- _Task to carry out_: A faithful copy of every entry, with the pictures removed, is what is needed here.

==== Provided entries ====

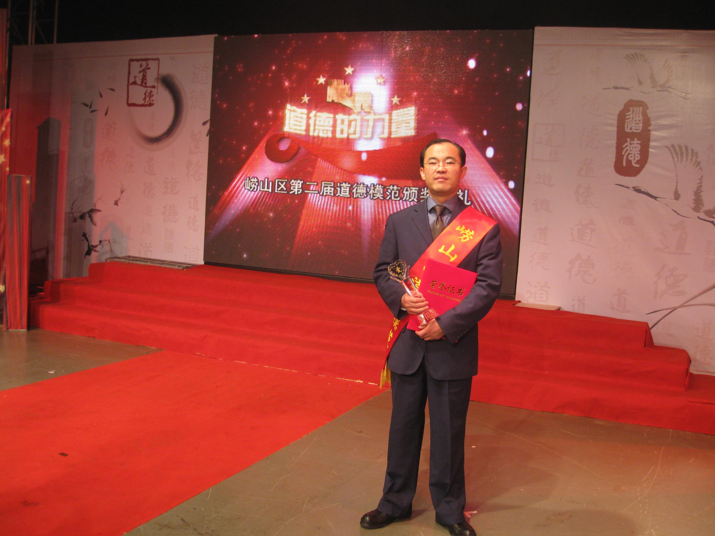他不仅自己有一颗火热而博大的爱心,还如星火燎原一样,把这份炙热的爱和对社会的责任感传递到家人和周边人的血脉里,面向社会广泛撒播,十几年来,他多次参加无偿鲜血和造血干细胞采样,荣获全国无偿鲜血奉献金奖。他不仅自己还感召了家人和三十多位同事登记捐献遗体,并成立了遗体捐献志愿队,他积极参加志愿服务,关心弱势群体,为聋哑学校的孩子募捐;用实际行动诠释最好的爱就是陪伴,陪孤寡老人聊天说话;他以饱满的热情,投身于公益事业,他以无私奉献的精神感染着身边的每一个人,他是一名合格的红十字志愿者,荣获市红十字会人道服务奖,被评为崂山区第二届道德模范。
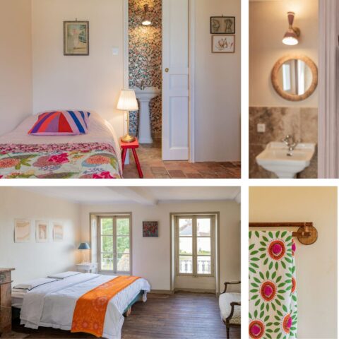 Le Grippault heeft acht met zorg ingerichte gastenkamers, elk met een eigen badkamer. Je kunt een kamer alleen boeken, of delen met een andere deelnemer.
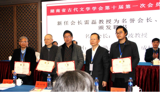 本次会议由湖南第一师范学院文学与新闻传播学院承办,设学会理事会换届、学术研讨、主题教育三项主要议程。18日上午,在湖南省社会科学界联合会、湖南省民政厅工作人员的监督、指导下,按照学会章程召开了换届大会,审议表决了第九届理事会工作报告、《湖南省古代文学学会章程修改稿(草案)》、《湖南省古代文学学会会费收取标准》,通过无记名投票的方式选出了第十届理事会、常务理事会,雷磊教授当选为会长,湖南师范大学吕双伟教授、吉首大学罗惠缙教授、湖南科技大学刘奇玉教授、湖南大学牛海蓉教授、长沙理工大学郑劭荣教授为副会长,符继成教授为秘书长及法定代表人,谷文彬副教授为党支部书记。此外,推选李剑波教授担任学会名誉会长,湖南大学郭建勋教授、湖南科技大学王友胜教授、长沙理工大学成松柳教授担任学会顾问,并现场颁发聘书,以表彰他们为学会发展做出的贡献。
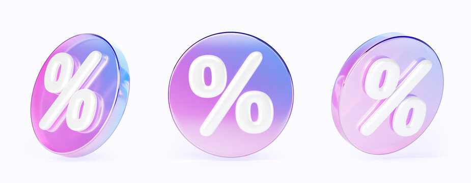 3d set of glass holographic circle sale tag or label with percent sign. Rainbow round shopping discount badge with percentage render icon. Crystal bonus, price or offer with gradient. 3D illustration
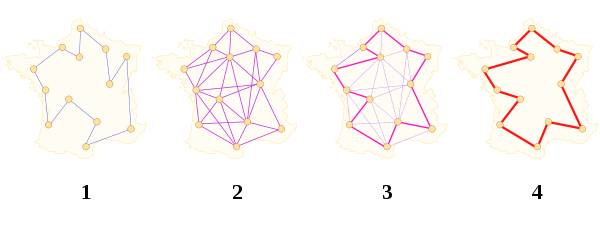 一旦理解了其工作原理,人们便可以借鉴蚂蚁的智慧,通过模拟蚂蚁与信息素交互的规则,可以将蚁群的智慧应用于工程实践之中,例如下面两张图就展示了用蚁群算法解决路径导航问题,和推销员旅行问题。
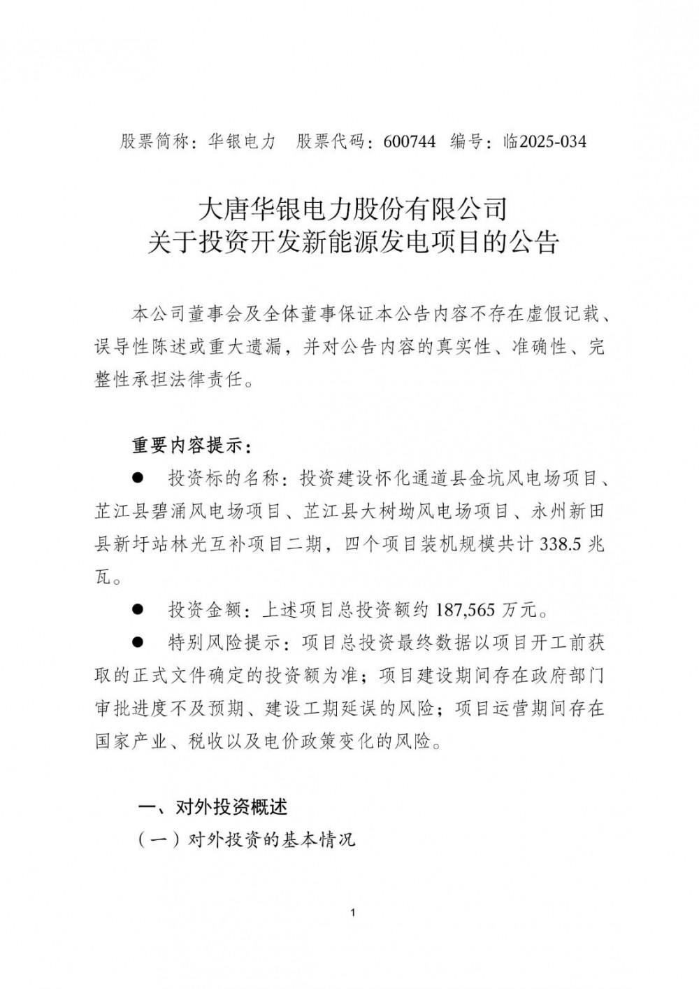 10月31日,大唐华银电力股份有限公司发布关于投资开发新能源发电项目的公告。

====

- _Answer to this problem_:
他不仅自己有一颗火热而博大的爱心,还如星火燎原一样,把这份炙热的爱和对社会的责任感传递到家人和周边人的血脉里,面向社会广泛撒播,十几年来,他多次参加无偿鲜血和造血干细胞采样,荣获全国无偿鲜血奉献金奖。他不仅自己还感召了家人和三十多位同事登记捐献遗体,并成立了遗体捐献志愿队,他积极参加志愿服务,关心弱势群体,为聋哑学校的孩子募捐;用实际行动诠释最好的爱就是陪伴,陪孤寡老人聊天说话;他以饱满的热情,投身于公益事业,他以无私奉献的精神感染着身边的每一个人,他是一名合格的红十字志愿者,荣获市红十字会人道服务奖,被评为崂山区第二届道德模范。
 Le Grippault heeft acht met zorg ingerichte gastenkamers, elk met een eigen badkamer. Je kunt een kamer alleen boeken, of delen met een andere deelnemer.
 本次会议由湖南第一师范学院文学与新闻传播学院承办,设学会理事会换届、学术研讨、主题教育三项主要议程。18日上午,在湖南省社会科学界联合会、湖南省民政厅工作人员的监督、指导下,按照学会章程召开了换届大会,审议表决了第九届理事会工作报告、《湖南省古代文学学会章程修改稿(草案)》、《湖南省古代文学学会会费收取标准》,通过无记名投票的方式选出了第十届理事会、常务理事会,雷磊教授当选为会长,湖南师范大学吕双伟教授、吉首大学罗惠缙教授、湖南科技大学刘奇玉教授、湖南大学牛海蓉教授、长沙理工大学郑劭荣教授为副会长,符继成教授为秘书长及法定代表人,谷文彬副教授为党支部书记。此外,推选李剑波教授担任学会名誉会长,湖南大学郭建勋教授、湖南科技大学王友胜教授、长沙理工大学成松柳教授担任学会顾问,并现场颁发聘书,以表彰他们为学会发展做出的贡献。
 3d set of glass holographic circle sale tag or label with percent sign. Rainbow round shopping discount badge with percentage render icon. Crystal bonus, price or offer with gradient. 3D illustration
 一旦理解了其工作原理,人们便可以借鉴蚂蚁的智慧,通过模拟蚂蚁与信息素交互的规则,可以将蚁群的智慧应用于工程实践之中,例如下面两张图就展示了用蚁群算法解决路径导航问题,和推销员旅行问题。
 10月31日,大唐华银电力股份有限公司发布关于投资开发新能源发电项目的公告。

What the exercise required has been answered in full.